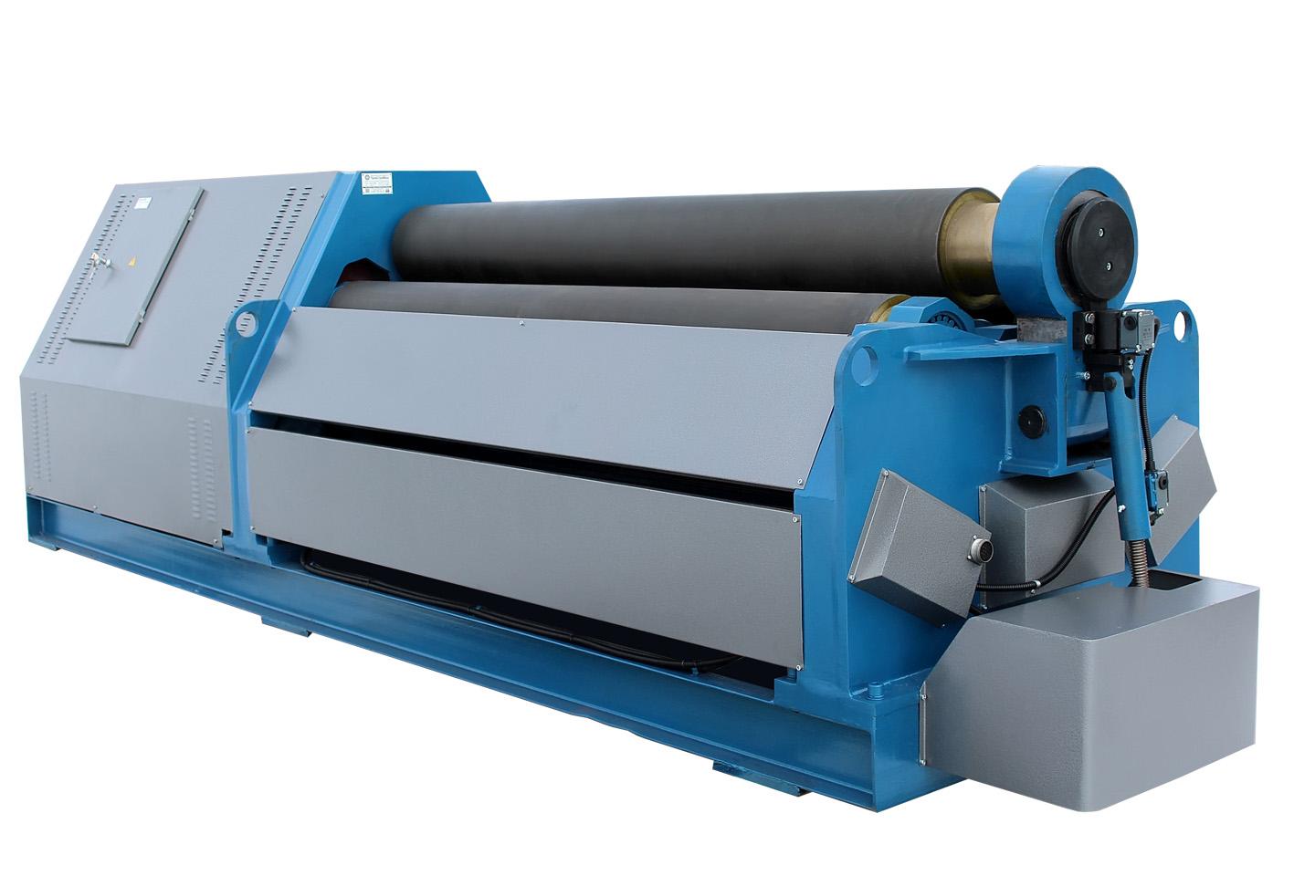 Правая опора верхнего валка размещена на правой стойке, а левая поддерживается откидной опорой, при откидывании которой можно снять готовое изделие с верхнего валка. Механизм регулировки боковых валков и механизм наклона откидной опоры имеют индивидуальные приводы. Управление машиной кнопочное, осуществляется с общего пульта управления.
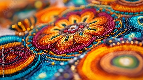 Vibrant Beaded Artwork: A Close-Up of Intricate Floral Designs
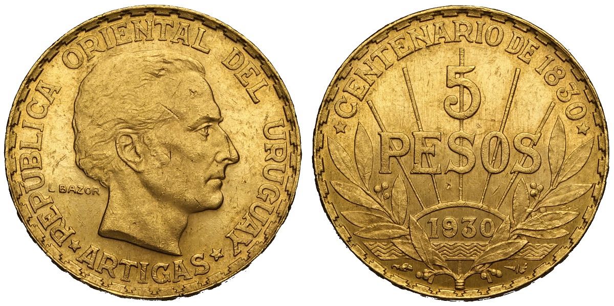 Lot 267 - Uruguay, Republic, 5 Pesos 1930, Au mm 22 SPL
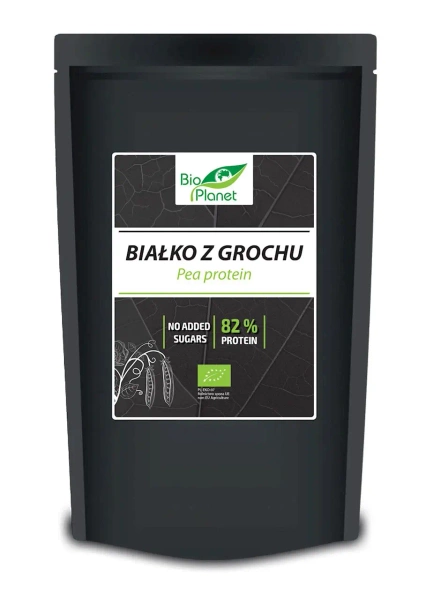 - Ekologiczne białko z grochu w proszku to naturalne źródło białka roślinnego, idealne dla wegan i wegetarian. Wspiera budowę mięśni i regenerację, doskonałe do koktajli, smoothie i wypieków.

===

▶ [The task] The listing above is to be set down word for word, without its images.

▶ [Result for this exercise]
 Правая опора верхнего валка размещена на правой стойке, а левая поддерживается откидной опорой, при откидывании которой можно снять готовое изделие с верхнего валка. Механизм регулировки боковых валков и механизм наклона откидной опоры имеют индивидуальные приводы. Управление машиной кнопочное, осуществляется с общего пульта управления.
 Vibrant Beaded Artwork: A Close-Up of Intricate Floral Designs
 Lot 267 - Uruguay, Republic, 5 Pesos 1930, Au mm 22 SPL
 - Ekologiczne białko z grochu w proszku to naturalne źródło białka roślinnego, idealne dla wegan i wegetarian. Wspiera budowę mięśni i regenerację, doskonałe do koktajli, smoothie i wypieków.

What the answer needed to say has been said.